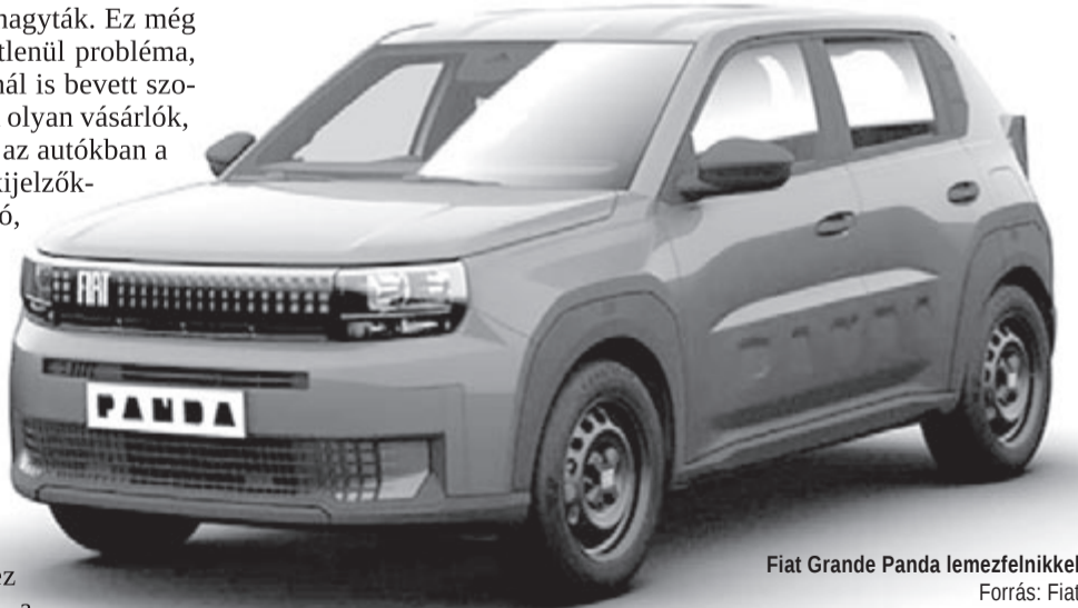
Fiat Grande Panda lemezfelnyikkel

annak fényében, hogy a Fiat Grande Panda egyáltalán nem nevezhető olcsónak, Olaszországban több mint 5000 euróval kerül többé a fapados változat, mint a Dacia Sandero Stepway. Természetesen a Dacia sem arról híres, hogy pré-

==

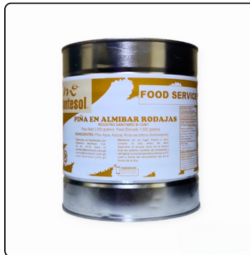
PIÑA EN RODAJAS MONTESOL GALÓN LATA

◆ Exercise description ◆
Find how many lines in the records contain the string "Grande", then give the number alone.

◆ Response for this exercise ◆
2